Eli Lilly Quietly Works on Wearable Devices in Lab Established in 2015

Eli Lilly

Eli Lilly continues to make investments in its diabetes business. Not only has the pharma giant devoted millions of dollars to expanding its insulin manufacturing capabilities, the company is also focused on insulin delivery devices.

Since 2015, Lilly has been developing smart insulin delivery devices in a Cambridge, Mass. laboratory, The Wall Street Journal reported this morning. The goal of the Lilly research team is to build a device that helps patients reduce the “decision-making and guess work” of the more conventional approach to injecting insulin. The wearable device which is still in the prototype phase, would be to contain a three-day insulin supply that would be delivered to the patient as needed.

Enrique Conterno, head of Lilly’s diabetes business, told the Journal that Lilly is looking to not only develop the insulin diabetes patients require, but to be “an integrator of the system” that includes the development of delivery devices. By not merging the two sides of the insulin delivery business under one umbrella, Conterno told the Journal that could lead to Eli Lilly’s diabetes business becoming “obsolete.”

FireceBiotech noted that the “doomsday prediction” comes ahead of biosimilar challenges to Lilly’s core diabetes products that include Humalog and Humulin.
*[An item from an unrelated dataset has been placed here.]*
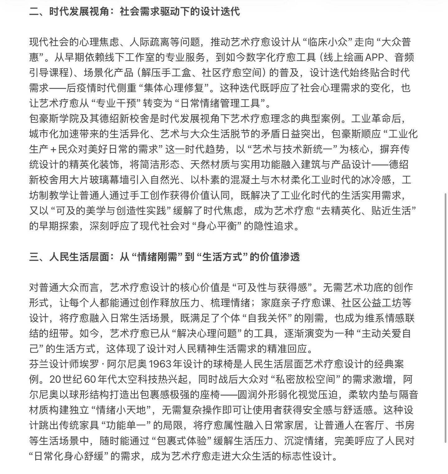 二、时代发展视角: 社会需求驱动下的设计迭代 现代社会的心理焦虑、人际疏离等问题, 推动艺术疗愈设计从“临床小众”走向“大众普 惠”。从早期依赖线下工作室的专业服务,到如今数字化疗愈工具(线上绘画APP、音频 引导课程)、场景化产品(解压手工盒、社区疗愈空间)的普及,设计迭代始终贴合时代 需求-后疫情时代侧重“集体心理修复”。这种迭代既呼应了社会心理需求的变化,也 让艺术疗愈从“专业干预”转变为“日常情绪管理工具”。 包豪斯学院及其德绍新校舍是时代发展视角下艺术疗愈理念的典型案例。工业革命后, 城市化加速带来的生活异化、艺术与大众生活脱节的矛盾日益突出,包豪斯顺应“工业化 生产+民众对美好日常的需求”这一时代趋势,以“艺术与技术新统-”为核心,摒弃传 统设计的精英化装饰,将简洁形态、天然材质与实用功能融入建筑与产品设计-德绍 新校舍用大片玻璃幕墙引入自然光、以朴素的混凝土与木材柔化工业时代的冰冷感,工 坊制教学让普通人通过手工创作获得价值认同,既解决了工业化时代的生活实用需求, 又以“可及的美学与创造性实践”缓解了时代焦虑,成为艺术疗愈“去精英化、贴近生活” 的早期探索,深刻呼应了现代社会对“身心平衡”的隐性追求。 三、人民生活层面: :从“情绪刚需”到“生活方式”的价值渗透 对普通大众而言,艺术疗愈设计的核心价值是“可及性与获得感”。无需艺术功底的创作 形式,让每个人都能通过创作释放压力、梳理情绪;家庭亲子疗愈课、社区公益工坊等 设计,将疗愈融入日常生活场景,既满足了个体“自我关怀”的刚需,也成为维系情感联 结的纽带。如今,艺术疗愈已从“解决心理问题”的工具,逐渐演变为一种“主动关爱自 已”的生活方式,这体现了设计对人民精神生活需求的精准回应。 芬兰设计师埃罗·阿尔尼奥1963年设计的球椅是人民生活层面艺术疗愈设计的经典案 例。20世纪60年代太空科技热兴起,同时战后大众对“私密放松空间”的需求激增,阿 尔尼奥以球形结构打造出包裹感极强的座椅-圆润外形弱化视觉压迫,柔软内垫与隔音 材质构建独立“情绪小天地”,无需复杂操作即可让使用者获得安全感与舒适感。这种设 计跳出传统家具“功能单一”的局限,将疗愈属性融入日常家居,让普通人在客厅、书房 等生活场景中,随时能通过“包裹式体验”缓解生活压力、沉淀情绪,完美呼应了人民对 “日常化身心舒缓”的需求,成为艺术疗愈走进大众生活的标志性设计。

That’s particularly important as insurance companies have toughened “payer negotiating tactics in the U.S.,” FierceBiotech said. That move by insurance and payer groups has forced companies that at one time could rely on insulin as a “cash cow” to look for other revenue streams. In Lilly’s case, it’s the possibility of insulin delivery devices.
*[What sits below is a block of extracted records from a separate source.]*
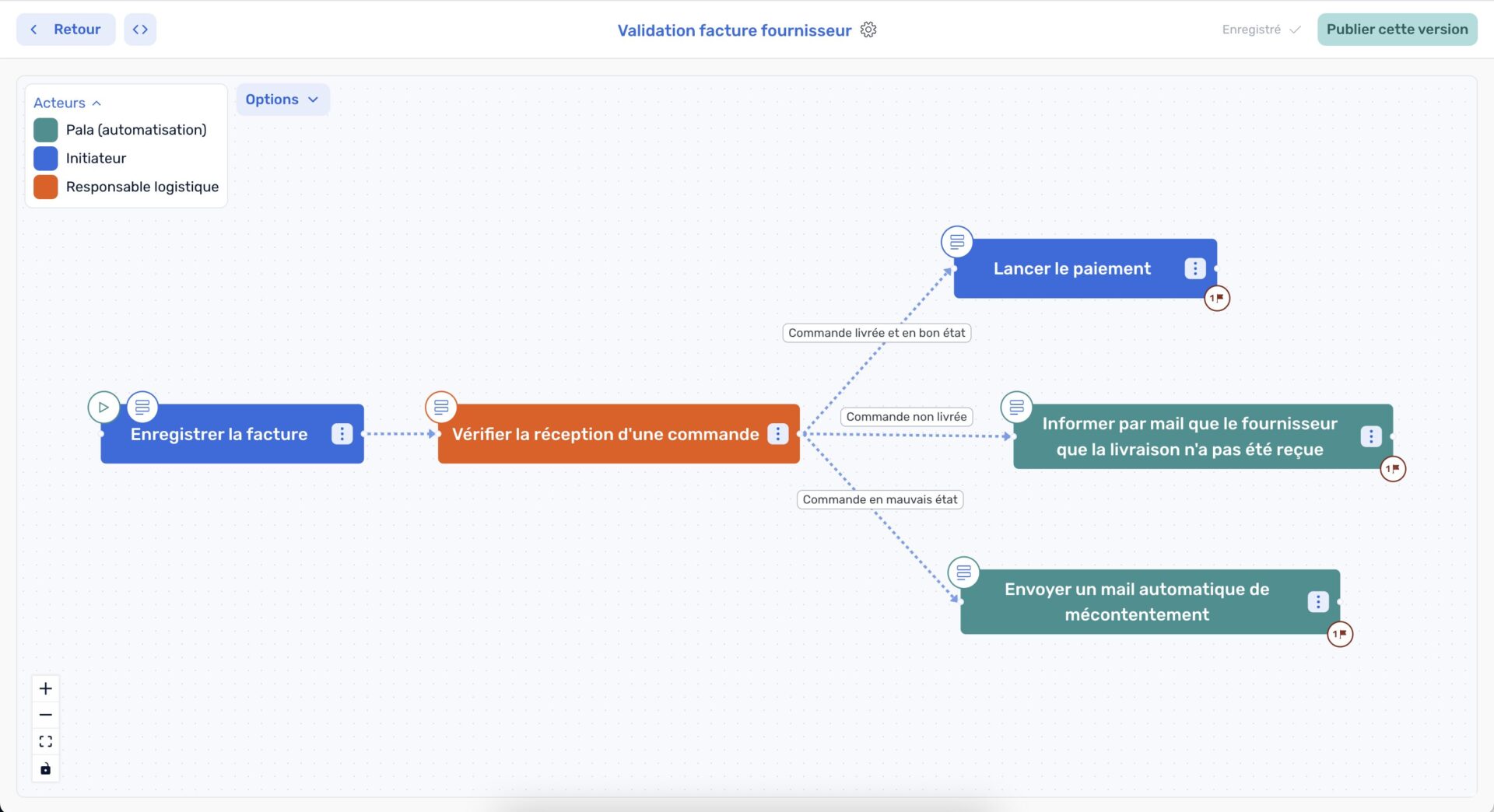 Ce workflow digital de validation d'une facture lié à la vérification de la conformité de la commande permet de gagner en temps de traitement. Cela fortifie la collaboration entre les métiers et la comptabilité. Selon la conformité, différents scénarios liés à des conditions peuvent s'appliquer et faciliter la résolution de problèmes.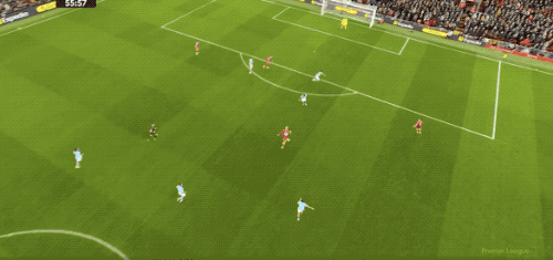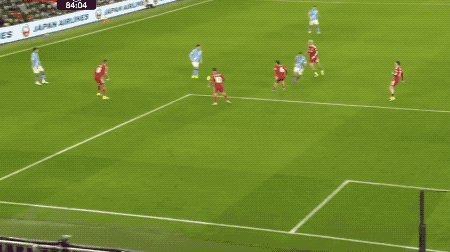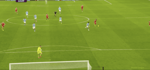 兩支球隊的部分戰術有些重合,那就是后腰游走到邊路,第34分鐘,羅德里下底傳中,哈蘭德不停球射門,阿利松注意力集中,將球沒收。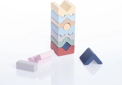 De Pasteltoren XI van het merk Cubika is een doordachte houten stapelset met 12 delen in zachte pasteltinten. Kinderen rijgen en stapelen de onderdelen zodat ze correct op elkaar aansluiten en er een stabiele toren van 16 cm hoog ontstaat. Dankzij de precieze afwerking van het hout is de set prettig hanteerbaar en veilig voor kleine kinderhanden.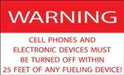 Decal says, "WARNING CELL PHONES AND ELECTRONIC DEVICES MUST BE TURNED OFF WITHIN 25 FEET OF ANY FUELING DEVICE"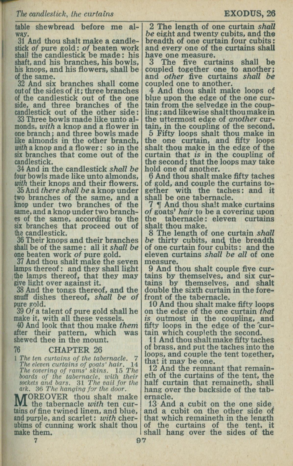 1946年King James Version 出埃及記 25 章 31 節到 26 章 13 節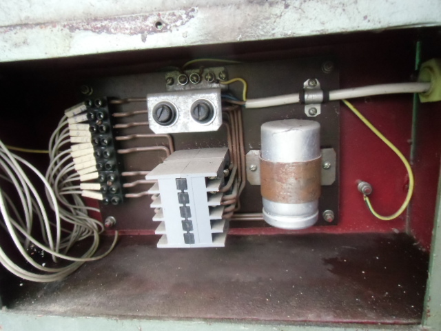 На снимките се вижда един превключвател S 800 (големият, лицензен на "Шалтбау" (малките бяха S804)). Да не би да е елиминиран (електрически или механично)? Би трябвало, като направи един цикъл - да спре, до следващото, ново натискане на стартовия бутон. На третата снимка се вижда палец между редуктора и зъбното колело, който вероятно трябва да натиска кобиличната ролка на превключвателя. Когато зъбният сектор на венеца излезе извън галовата верига, тогава стерженът пада и би трябвало малко преди новото зацепване палецът да натисне превключвателя и двигателят да спре. Втората и трета снимка се различават по фазата на цикъла (положението на зъбния венец). В този си вид освен за задвижване на ковашки мех... май за друго не става. Редукторът ще да е червячен - на Бяла и може да му се търси приложение заедно с двигателя. Примерно - да върти барабана на някой бунар или за малка лебедка. При непрекъснат цикъл става за тепавица, за лостово задвижване на ковашки чук, за сплъстяване на кече или..., ако се направи отвор в дъното на корпуса и се сложат колела, като същевременно се удължи стержена - за машина за трамбоване. :)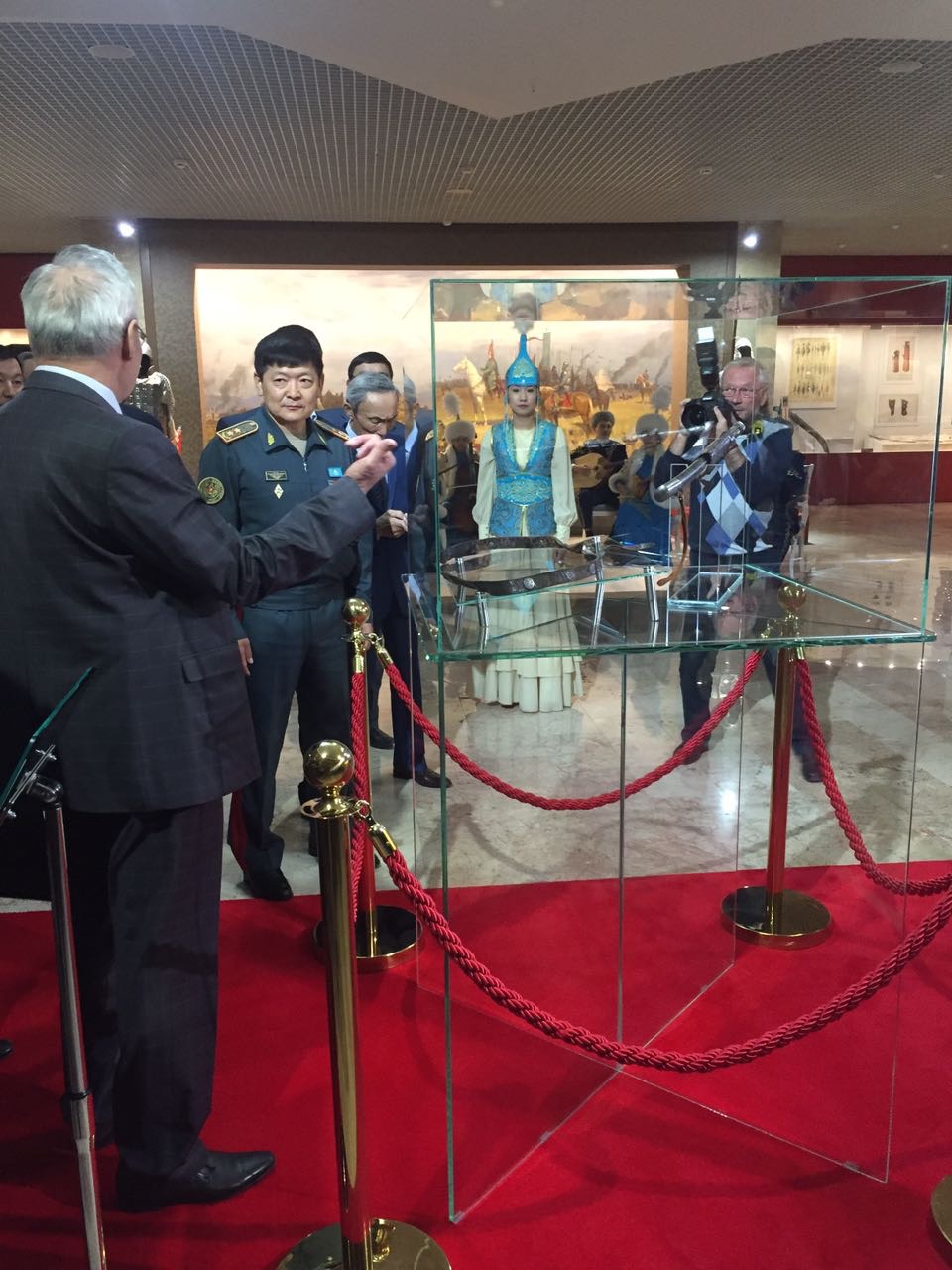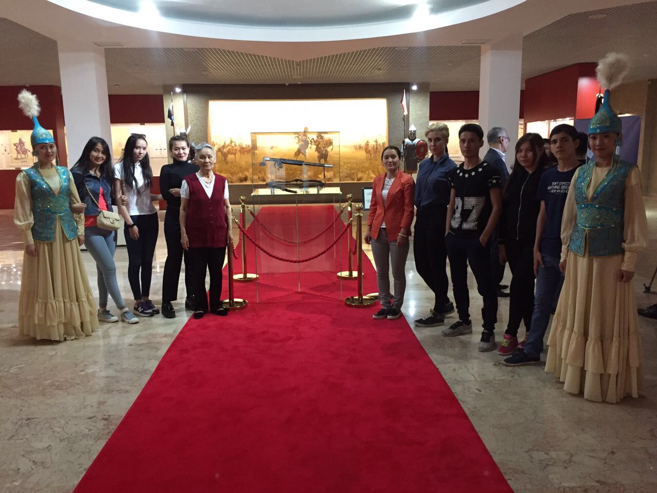 В военно-историческом музее национального военно-патриотического центра вооруженных сил Казахстана состоялось открытие экспозиции, посвященной реликвиям Канжыгалы Богенбай батыра. «Богенбай батыр был главнокомандующим армии трех казахских жузов и не потерпел ни одного поражения в своей военной карьере. Секира – одно из пяти оружий батыра против калмыков, которая прославила его подвигами», – говорится в сообщении Центра. Секира и кожаный пояс великого полководца были переданы в Музей 28 апреля 2017 года при поддержке главы партии «Ақ жол» Перуашева Азата Турлыбековича и заместителя председателя Барлыбай Ерлана Хайлановича. Увидели это воочию и познакомились с историй подвигов легендарной личности студенты, сотрудники и преподаватели Евразийского гуманитарного института. Также на открытии экспозиции присутствовал руководящий состав Министерства обороны Республики Казахстан, деятели науки и искусства и представители общественности страны.

Despite Lily’s size and resources, Fierce said this will be unfamiliar territory for the pharma giant. Additionally, it will pit the company against the likes of Medtronic, which won regulatory approval last September for its MiniMed 670G system - the first Hybrid Closed Loop insulin delivery system to win approval. Medtronic’s position in the insulin pump market was further solidified in October after Johnson & Johnson announced it was closing down its subsidiary Animas Corporation and exiting the insulin pump market. In its announcement, the company told its customers about its decision and informed them of options they could find with Medtronic.

At the same time, Lilly made a move that underscored its determination to build a large insulin ecosystem. This morning, Lilly and California-based DexCom, Inc. struck a deal to combine Lilly’s smart insulin delivery devices and Dexcom CGM (continuous glucose monitoring) “to improve the future of diabetes management.” The deal moves DexCom into Lilly’s Connected Diabetes Ecosystem – a plan that merges the strengths of Lilly’s core diabetes program with partner groups to help patients manage their care. In a statement, Conterno said that DexCom will be an “important collaborator in our mission to improve outcomes and reduce the daily burden for people with diabetes.”

Not only is Lilly moving to forge new partnerships for diabetes treatments, the company is heavily investing in its core business. Expanding its insulin production is part of the company’s plan of investing $850 million across its U.S. manufacturing operations over the course of the year. When Lilly first announced its $850 million investment, the company said the move will expand its diabetes products manufacturing operations in the U.S., which includes a new $140 million insulin cartridge production facility. Additionally, Eli Lilly said it will invest $85 million to expand manufacturing of its Trulicity-branded diabetes injection device. Since 2012, Eli Lilly has invested more than $1.2 billion to boost its domestic insulin manufacturing operations. Over the past decade, the company has spent more than $5 billion globally.